Leader-Based Approaches
A simpler approach: all reads and writes go through a single leader node. The leader orders all operations, so linearizability is straightforward. The tradeoff is that the leader is a bottleneck and a single point of failure (though leader election via consensus can handle failover).
Quorum Reads and Writes
Systems like Dynamo-style databases use quorum reads and writes (e.g., read from R nodes, write to W nodes, where R + W > N). However, quorum reads/writes alone are not sufficient for linearizability in all cases.
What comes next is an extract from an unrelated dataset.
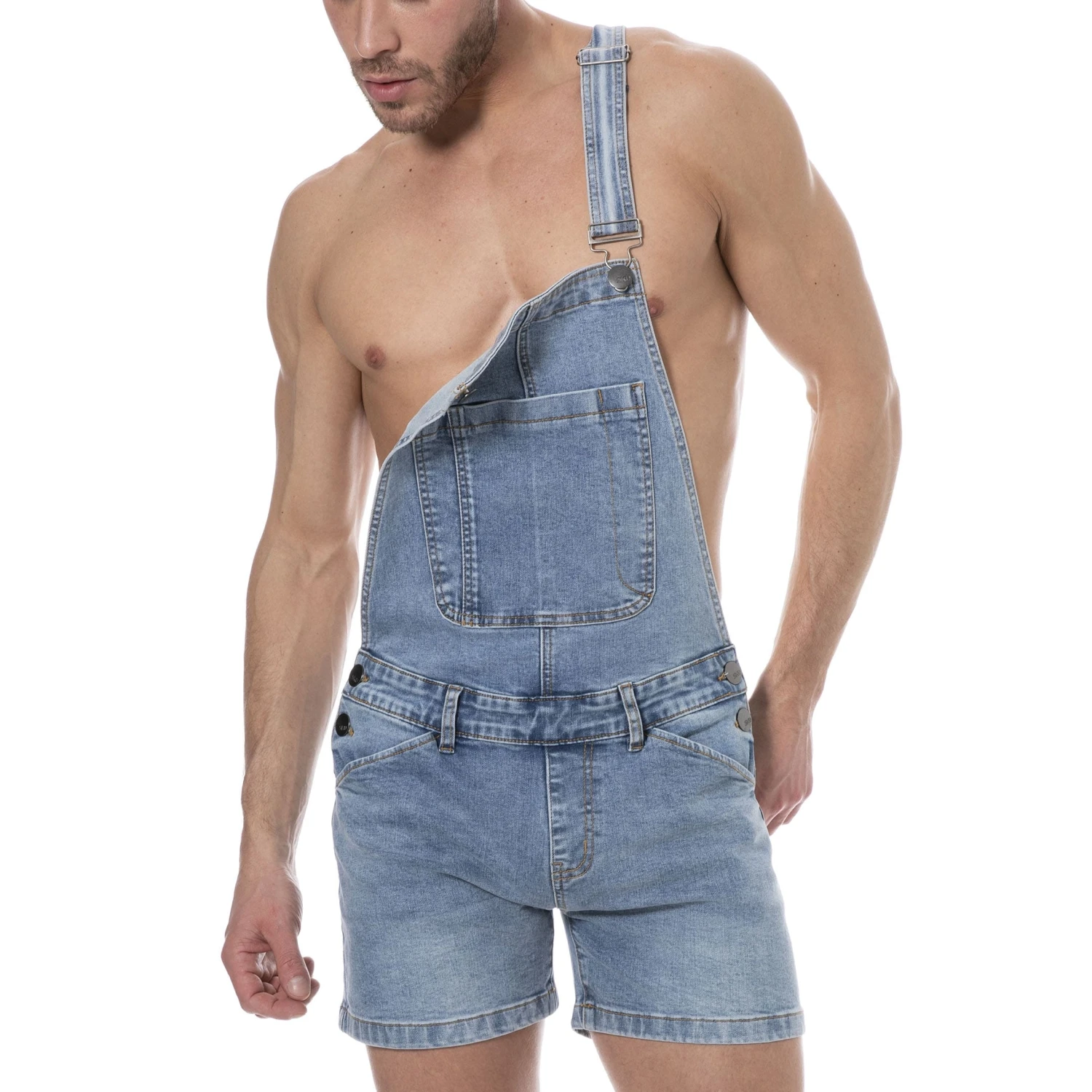 Salopette courte en jeans stretch à la coupe slim, sexy et très ajustée. Couture verticale derrière la jambe. 1 grande poche sur la poitrine avec 2 compartiments à stylos séparés. 2 poches à l’avant et deux à l’arrière. Bretelles réglables, détachables à l’aide de pinces en métal. Fermeture à double bouton de chaque côté. Braguette factice. 5 passants de ceinture. Etiquette SKU sur la poche arrière droite. Taille US.

Additional coordination (like read-repair or consensus) is needed to close the gaps.
CAP Theorem
The CAP theorem states that a distributed system can provide at most two of three guarantees:
- Consistency (linearizability specifically)
- Availability (every request gets a response)
- Partition tolerance (the system keeps working despite network splits)
Since network partitions are unavoidable in practice, the real choice is between CP (linearizable but may become unavailable during partitions) and AP (always available but may return stale data during partitions).
Linearizability vs Serializability
| Linearizability | Serializability | |
|---|---|---|
| Scope | Single operations on single objects | Transactions across multiple objects |
| Ordering | Must respect real-time order | Any serial order is acceptable |
| Guarantee | Recency - reads see the latest write | Isolation - transactions don’t interfere |
| Where it matters | Distributed replication | Database transaction processing |
Strict serializability (also called “one-copy serializability”) provides both: transactions that are serializable and whose order matches real time. Systems like Spanner and CockroachDB aim for this.
Tradeoffs
| Linearizable Systems | Eventually Consistent Systems | |
|---|---|---|
| Correctness | Strong - behaves as single copy | Weak - stale reads possible |
| Latency | Higher (coordination overhead) | Lower (no waiting for agreement) |
| Availability | Reduced during partitions (CP) | Maintained during partitions (AP) |
| Throughput | Lower (consensus bottleneck) | Higher (no coordination) |
| Use cases | Leader election, distributed locks, financial systems | Caching, social feeds, DNS |
Linearizability is the strongest single-object consistency model but it comes at a cost. Many systems choose weaker models (causal consistency, eventual consistency) when the application can tolerate them, and only use linearizability where correctness demands it.
P.S. If there are any mistakes please let me know, I’m by no means an expert.